= National Nuclear Data Center =

The National Nuclear Data Center is an organization based in the Brookhaven National Laboratory that acts as a repository for data regarding nuclear chemistry, such as nuclear structure, decay, and reaction data, as well as historical information regarding previous experiments and literature. According to the ResearchGATE scientific network, "The National Nuclear Data Center NNDC collects, evaluates, and disseminates nuclear physics data for basic nuclear research and applied nuclear technologies." The current Center Head is David Brown.

==History==

The predecessor group to the NNDC was founded in 1951 when a group known as the Brookhaven Neutron Cross Section Compilation Group was formed at the Brookhaven National Laboratory. In 1955 this group published the reference book "BNL-325," which had to do with the cross-sections of neutrons. After being renamed the Sigma Center, the group was moved to the Reactor Physics Division of the Nuclear Engineering Department in the Brookhaven Lab in 1960. At around that time, the Cross Section Evaluation Group was formed in the same division, and the two groups worked closely together and shared support personnel. In 1964, nuclear theorist Charles Porter, head of the Cross Section Evaluation Group, died, and John Stehn, head of the Sigma Center, ended up becoming the acting head of both the Sigma Center and the Group.
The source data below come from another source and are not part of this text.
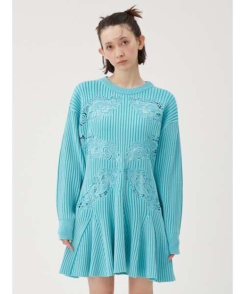 [ファーファー] レース刺繍ニットミニワンピース RWNO251086 レディース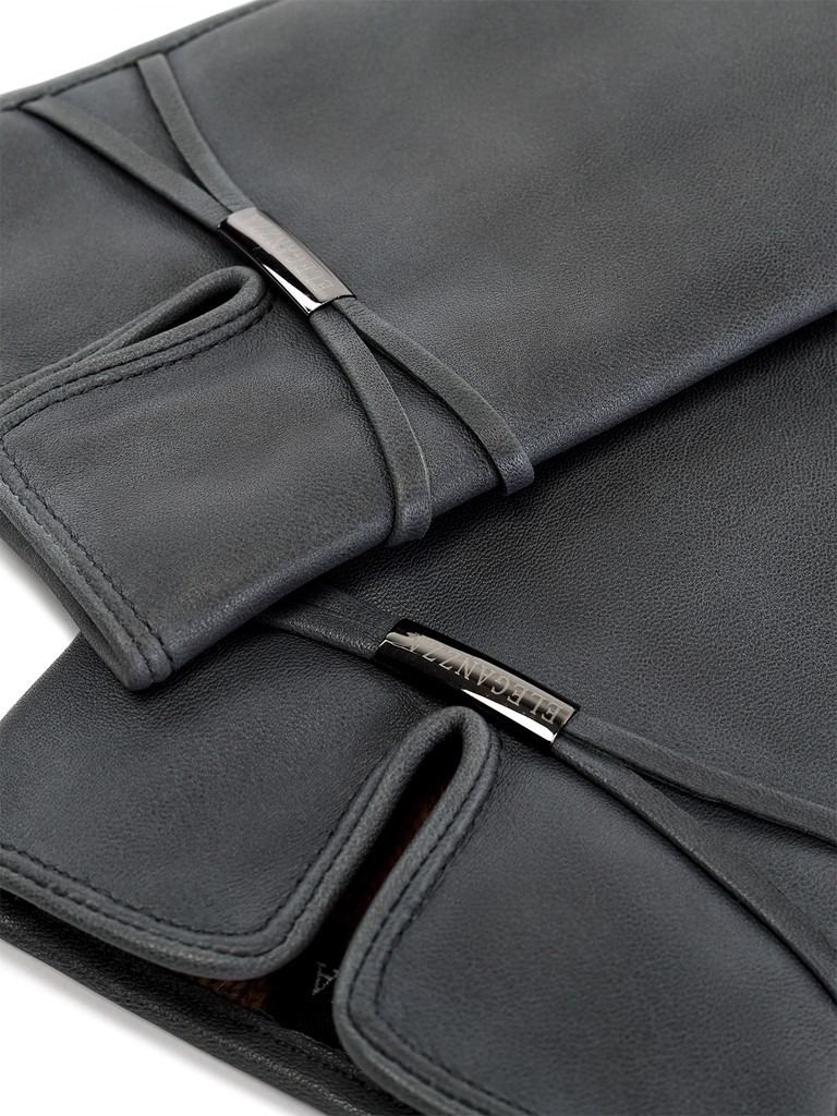 Перчатки выполнены из кожи ягнёнка. Подкладка: 100% шерсть. Декоративные элементы - фирменная фурнитура на узких кожаных ремнях. Нижний край перчатки и разрез на лицевой стороне окантованы. Длина манжеты от нижней точки большого пальца до края перчаток - 6 см.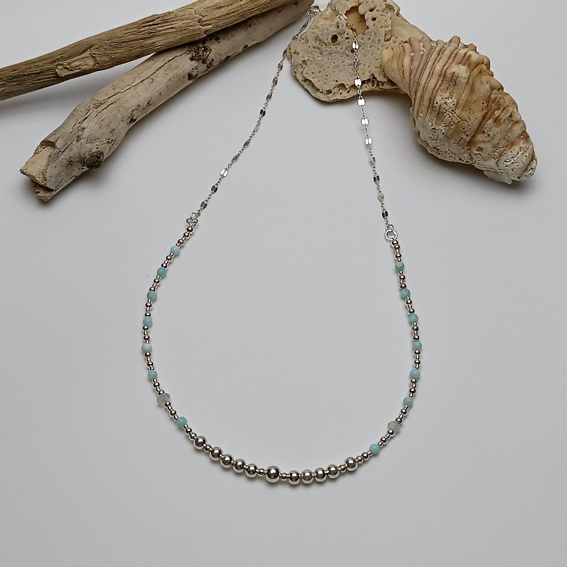 The cool polish of sterling silver beads reflects light beautifully, while the Peruvian Opal introduces gentle washes of pastel blue, seafoam, and milky aqua — tones reminiscent of tranquil coastal waters. Unlike fiery opals, Peruvian Opal is prized for its smooth, calming colour and subtle translucence, giving the necklace a quiet, ethereal elegance.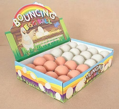 Set of 24 realistic fake rubber bouncing eggs. Imitation eggs that can be used for pranks, party gifts, goodie bag fillers, and much more. Made of durable rubber for long lasting balls. Bouncy eggs are about 2″ in size, just like a normal sized egg. Colors are the same as regular real eggs.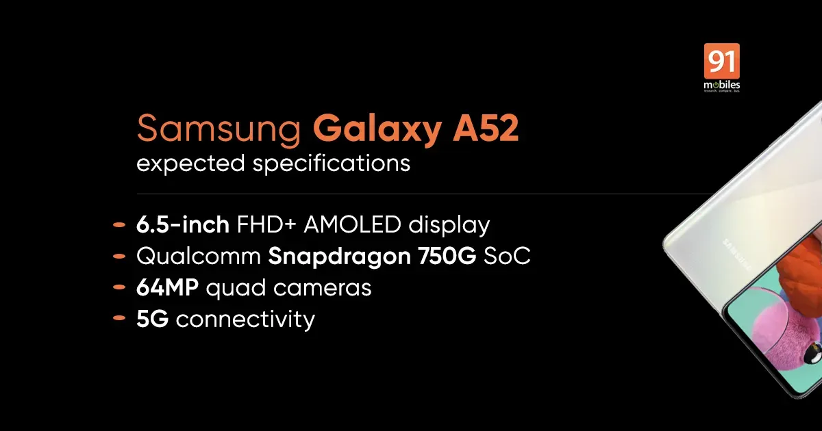Samsung Galaxy A52 kemungkinan akan menggunakan chipset Qualcomm Snapdragon 750G yang sudah mendukung jaringan 5G. Berikut bocoran spesifikasi Samsung Galaxy A52 yang disadur dari GSM Arena.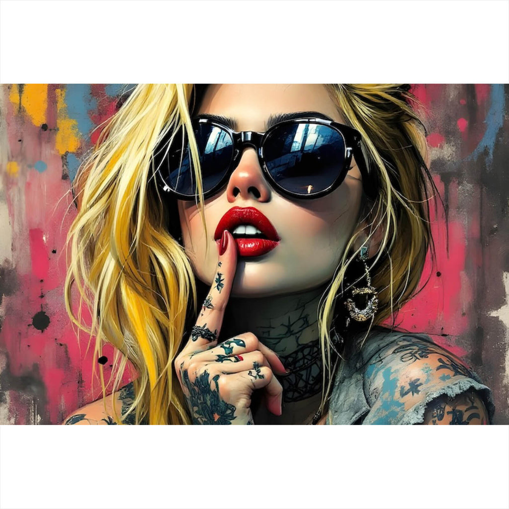 Dieses moderne Pop Art Wandbild zeigt eine faszinierende Person mit einem ausdrucksstarken und urbanen Stil. Die auffälligen Tattoos und die extravagante Pose verleihen dem Bild eine einzigartige Ästhetik, die sofort ins Auge fällt. Die Kombination aus Grunge-Elementen und moderner Kunst kreiert eine dynamische und trendige Atmosphäre, die perfekt für urbane und kreative Räume geeignet ist. Der intensive Ausdruck der dargestellten Person und die kunstvolle Darstellung ihrer Accessoires und Tattoos schaffen einen starken visuellen Eindruck, der sowohl in Wohnzimmern als auch in Büros und Hobbyräumen als eindrucksvolles Dekorationselement dienen kann. Die detailreiche Darstellung und die kontrastreichen Formen lassen das Bild lebendig wirken und ziehen den Betrachter in seinen Bann. Es dient als kraftvolles Statement-Stück, das sich hervorragend in moderne Einrichtungsstile integrieren lässt und jedem Raum eine besondere Note verleiht. Durch die gelungene Mischung aus Pop Art und zeitgenössischem Design wird dieses Wandbild zu einem kreativen Akzent, der sowohl Individualität als auch Stilbewusstsein ausstrahlt.

1967 saw the two groups merge into the National Neutron Cross Section Center (NNCSC), with Sol Pearlstein as acting director, officially being appointed Director of the NNCSC in 1968. In 1977, the Center was given the additional responsibility for nuclear structure and decay data by the Energy Research and Development Administration (ERDA), the predecessor of the Department of Energy, and its name was then changed to the National Nuclear Data Center. Charles Dunford served as Center Head from 1992 to 2002, with the exception of a two-year leave of absence (1993-1995) when he served as Section Head for the International Atomic Energy Agency (IAEA) Nuclear Data Section. During his leave of absence Mulki Bhat was named Acting Center Head. Since then, the head has been succeeded by Pavel Oblozinskiy, Michal Herman and then Alejandro Sonzogni and David Brown.

==Present activities==
The NNDC carries out its original mission of nuclear physics and nuclear chemistry data storage, evaluation and dissemination to this day. This data is to be used "for basic nuclear research, applied nuclear technologies including energy, shielding, medical and homeland security." In 2004, the NNDC began a modernization program which consisted of digitization of data and offering new web services. As part of the program, the Center has upgraded to Linux-based data storage and computing platforms, as well as implementing the additional use of Java and Sybase relational database software.